-- Instructions to follow --
Write again exactly the lines in the listing below, starting at the line with "Gena skirt is" and ending at the line with "3Pcs Natural Wood", both included. Pictures are not copied.

-- Raw data --

◆ ◆ ◆ ◆ ◆

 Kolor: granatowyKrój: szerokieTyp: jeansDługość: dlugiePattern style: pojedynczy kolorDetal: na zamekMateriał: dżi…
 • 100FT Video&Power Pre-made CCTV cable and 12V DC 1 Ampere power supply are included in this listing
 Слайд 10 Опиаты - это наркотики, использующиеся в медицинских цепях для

◆ ◆ ◆ ◆ ◆

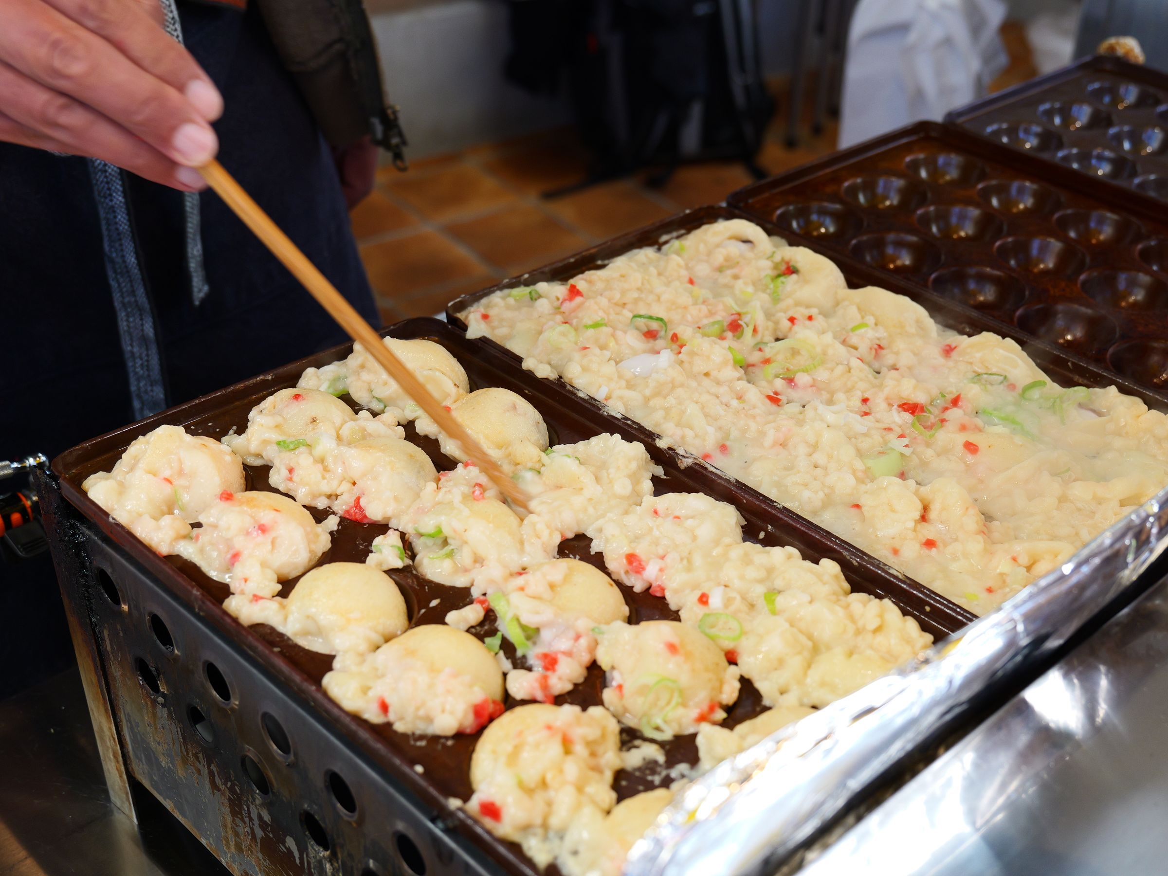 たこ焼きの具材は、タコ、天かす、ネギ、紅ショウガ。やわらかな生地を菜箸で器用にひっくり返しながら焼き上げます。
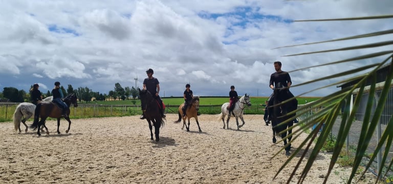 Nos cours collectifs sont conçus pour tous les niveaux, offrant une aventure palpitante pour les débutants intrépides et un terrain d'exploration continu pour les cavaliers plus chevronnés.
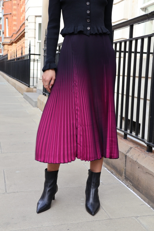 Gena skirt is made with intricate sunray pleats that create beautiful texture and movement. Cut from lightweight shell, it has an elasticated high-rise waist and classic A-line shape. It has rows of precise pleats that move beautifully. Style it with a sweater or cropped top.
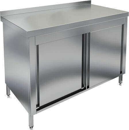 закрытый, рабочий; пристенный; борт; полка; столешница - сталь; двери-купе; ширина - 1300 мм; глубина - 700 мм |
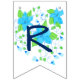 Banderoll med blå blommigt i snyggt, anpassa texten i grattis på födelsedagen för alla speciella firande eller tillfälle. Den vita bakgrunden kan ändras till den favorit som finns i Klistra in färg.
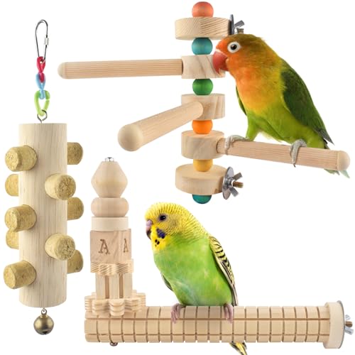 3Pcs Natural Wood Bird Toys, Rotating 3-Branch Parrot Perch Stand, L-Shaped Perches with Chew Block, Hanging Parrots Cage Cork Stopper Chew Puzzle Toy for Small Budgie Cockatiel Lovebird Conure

◆ ◆ ◆ ◆ ◆

-- Exercise solution --
 Gena skirt is made with intricate sunray pleats that create beautiful texture and movement. Cut from lightweight shell, it has an elasticated high-rise waist and classic A-line shape. It has rows of precise pleats that move beautifully. Style it with a sweater or cropped top.
 закрытый, рабочий; пристенный; борт; полка; столешница - сталь; двери-купе; ширина - 1300 мм; глубина - 700 мм |
 Banderoll med blå blommigt i snyggt, anpassa texten i grattis på födelsedagen för alla speciella firande eller tillfälle. Den vita bakgrunden kan ändras till den favorit som finns i Klistra in färg.
 3Pcs Natural Wood Bird Toys, Rotating 3-Branch Parrot Perch Stand, L-Shaped Perches with Chew Block, Hanging Parrots Cage Cork Stopper Chew Puzzle Toy for Small Budgie Cockatiel Lovebird Conure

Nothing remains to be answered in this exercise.